Design: What is needed to make it “work”? (including the actor(s) involved - who must opt-in, fund, approve, or implement, etc) The buy-in of indigenous researchers. They need to opt to use Solanum aethiopicus and my reporter system to do routine plant biotechnology investigations especially about traits that are applicable to their context such as drought tolerance or pathogen resistance. Option2The authorities (the Ministry) could make it a recommended model organism for the nation’s researchers to use. Assumptions: What could you have wrong (incorrect assumptions, uncertainties)? The gene editing could cause not unintended consequences. Maybe the anthocyanin expression may not work to a degree where phenotypes are easily visible. Option3The idea is that this technology makes it easy for researchers to see gene expression cheaply and easily. It does not work if you need high tech equipment to detect the anthocyanin expression from the reporter system. So its cost must be kept low Risks of Failure & “Success”: How might this fail, including any unintended consequences of the “success” of your proposed actions? People might not want to use a new model organisms, perhaps they want to stick to Arabidosis or Medicago for their research.

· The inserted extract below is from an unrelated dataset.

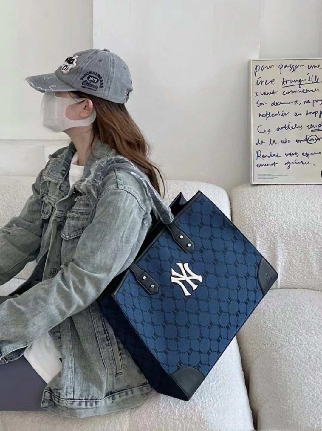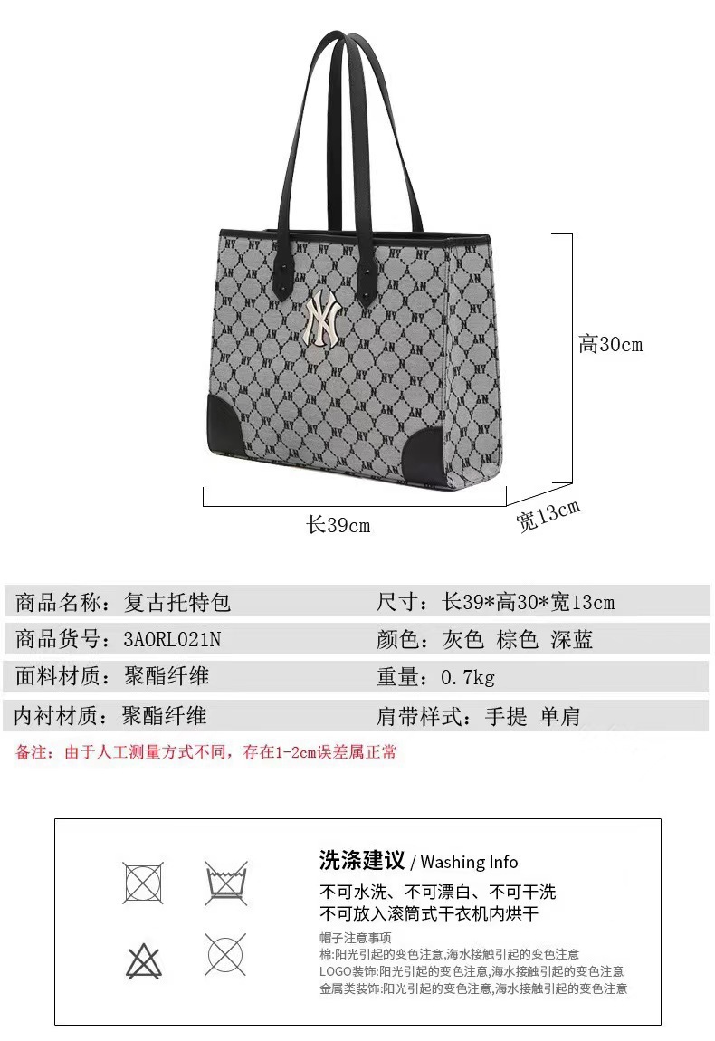 South Korea's 2025 New Mlb Tote Bag Women's Trendyy Fashion Handbag Daily Versatile Large-Capacity Shoulder Bag
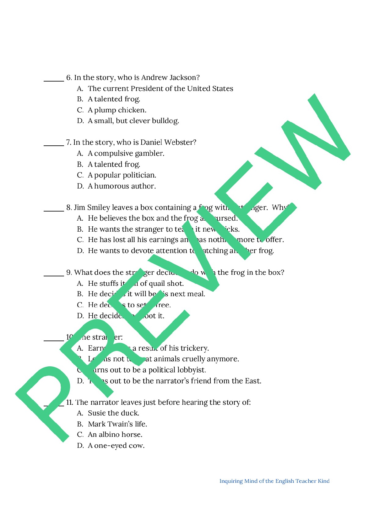 The Celebrated Jumping Frog By Mark Twain Quiz Teaching Resources

Question 4 Next, score (from 1-3 with, 1 as the best, or n/a) each of your governance actions against your rubric of policy goals. The following is one framework but feel free to make your own:
| Does the option: | Option 1 | Option 2 | Option 3 |
|---|---|---|---|
| Enhance Biosecurity | |||
| • By preventing incidents | 3 | 1 | 2 |
| • By helping respond | NA | NA | NA |
| Foster Lab Safety | |||
| • By preventing incident | 1 | NA | NA |
| • By helping respond | NA | NA | NA |
| Protect the environment | |||
| • By preventing incidents | 1 | 2 | NA |
| • By helping respond | NA | NA | NA |
| Other considerations | |||
| • Minimizing costs and burdens to stakeholders | 3 | 2 | 1 |
| • Feasibility? | 2 | 3 | 1 |
| • Not impede research | 3 | 2 | 1 |
| • Promote constructive applications | 3 | 2 | 1 |
Question 5 Last, drawing upon this scoring, describe which governance option, or combination of options, you would prioritize, and why. Outline any trade-offs you considered as well as assumptions and uncertainties. I would opt for keeping the cost of the technology low through some kind of subsidy framework and I would also look at the involvement of the Ministry in encouraging uptake of the model organism and its specially developed reporter systems
Answers to Questions
Why read, write & measure polymers? To understand and exploit natural and designed properties like chirality and reactivity How many basepairs do we need to synthesize? from less than 960 bp because that is the average bacterial protein size. There are plenty that are much smaller such as heat shock proteins and cyclotides in plants Why use a custom panel from twist? Their panels show exceptional performance across low variant allele frequencies, that is one reason.